What this task involves: The whole listing needs retyping exactly; keep the pictures out of it.

┄┄┄┄┄┄┄┄┄┄┄┄┄┄┄┄┄┄┄┄

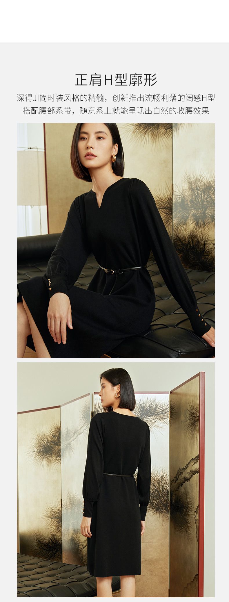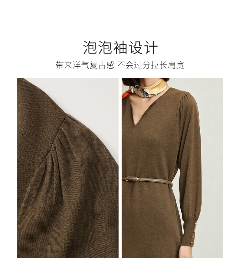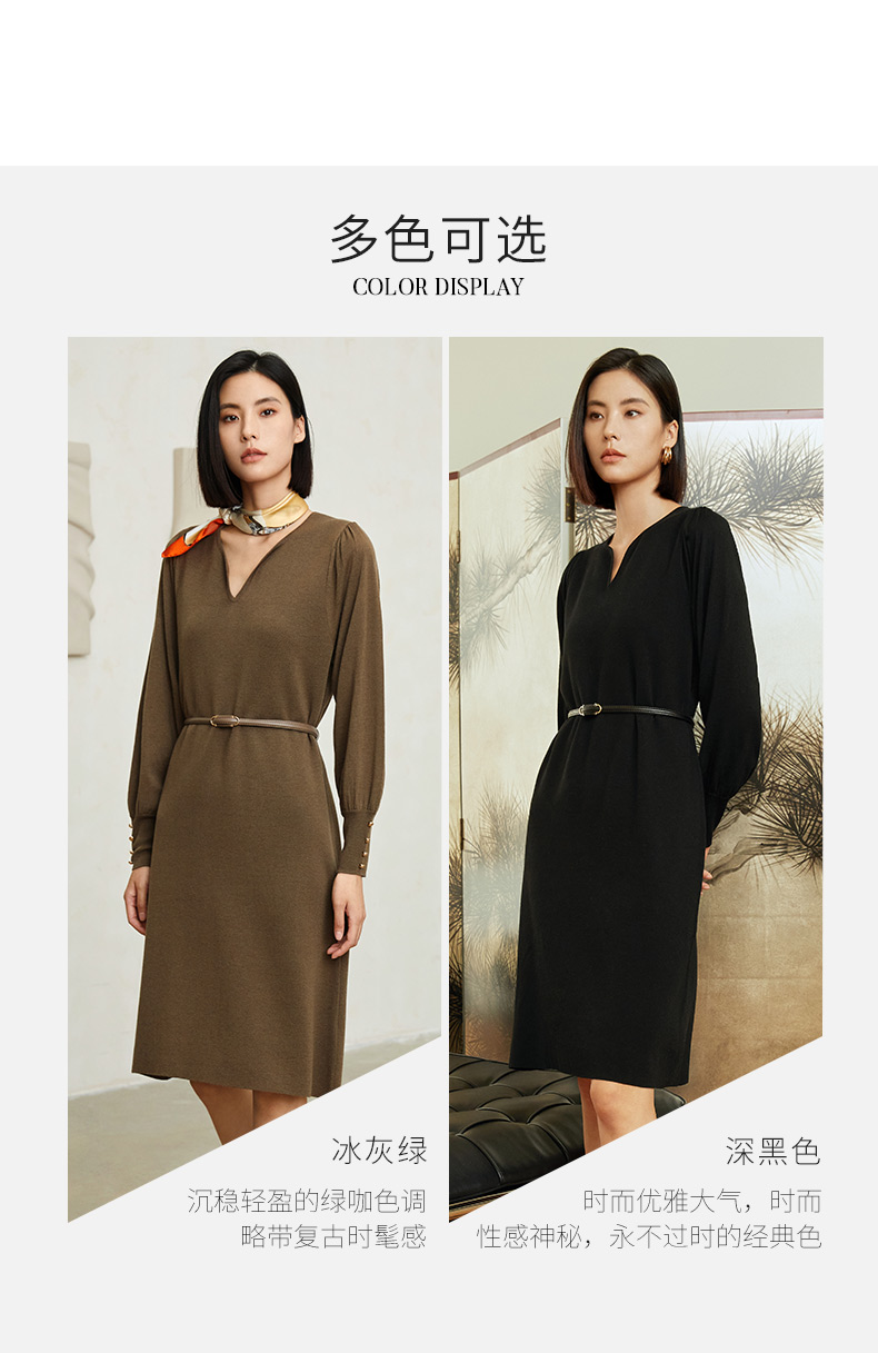 玳莎优雅波浪V领连衣裙2023年秋冬新款纯色显瘦羊毛中长款裙子 DC35303
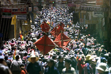 上萬的玻利維亞人10月16日在政府所在地拉巴斯舉行游行示威活動,要求總統貢薩洛·桑切斯·德洛薩達辭職。
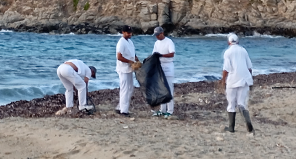 Οι εθελοντές, φορώντας μπλουζάκια σε τρία χαρακτηριστικά χρώματα – κίτρινο, μπλε ,άσπρο– γέμισαν την παραλία με ενέργεια και χαμόγελα. Στον καθαρισμό συμμετείχαν τόσο μέλη της τοπικής κοινότητας, όσο και μια ομάδα από το ξενοδοχείο της Μεγάλης Άμμου, η οποία συνέβαλε με μεγάλη χαρά.
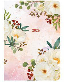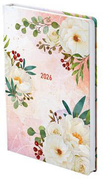 Toptimer határidőnapló, B/6, heti tervező, 2026, Joy, tearózsa. Színes grafikával díszített, matt fóliával bevont, fehér tömbös heti naptár, jelzőszalaggal. -időbeosztás: félórás, 7-21.00 h -matt fóliával bevont borító -lapok 70 g, fehér ofszetpapírból -jelzőszalaggal -térképpel -összesített naptár -éves tervező -havi előjegyző -telefonregiszter/jegyzetoldalak -szitázással emblémázható
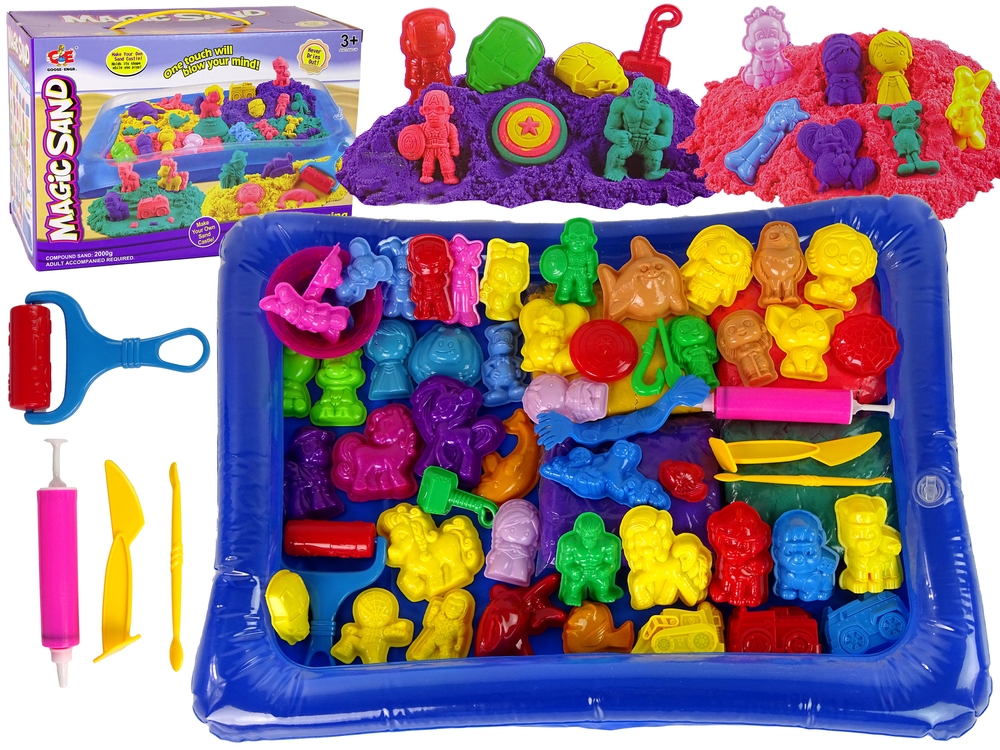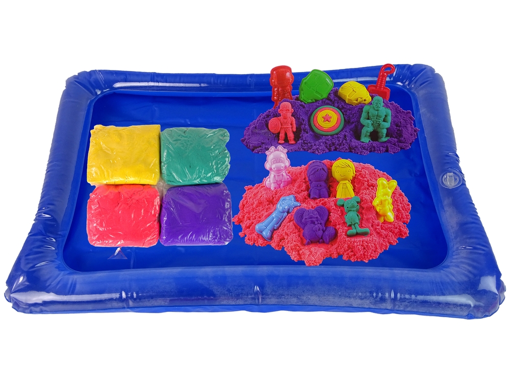 - 4 kolorów piasku kinetycznego: żółty, zielony, pomarańczowy, jasny brązowy, czerwony, niebieski

┄┄┄┄┄┄┄┄┄┄┄┄┄┄┄┄┄┄┄┄

Output for this exercise:
 玳莎优雅波浪V领连衣裙2023年秋冬新款纯色显瘦羊毛中长款裙子 DC35303
 上萬的玻利維亞人10月16日在政府所在地拉巴斯舉行游行示威活動,要求總統貢薩洛·桑切斯·德洛薩達辭職。
 Οι εθελοντές, φορώντας μπλουζάκια σε τρία χαρακτηριστικά χρώματα – κίτρινο, μπλε ,άσπρο– γέμισαν την παραλία με ενέργεια και χαμόγελα. Στον καθαρισμό συμμετείχαν τόσο μέλη της τοπικής κοινότητας, όσο και μια ομάδα από το ξενοδοχείο της Μεγάλης Άμμου, η οποία συνέβαλε με μεγάλη χαρά.
 Toptimer határidőnapló, B/6, heti tervező, 2026, Joy, tearózsa. Színes grafikával díszített, matt fóliával bevont, fehér tömbös heti naptár, jelzőszalaggal. -időbeosztás: félórás, 7-21.00 h -matt fóliával bevont borító -lapok 70 g, fehér ofszetpapírból -jelzőszalaggal -térképpel -összesített naptár -éves tervező -havi előjegyző -telefonregiszter/jegyzetoldalak -szitázással emblémázható
 - 4 kolorów piasku kinetycznego: żółty, zielony, pomarańczowy, jasny brązowy, czerwony, niebieski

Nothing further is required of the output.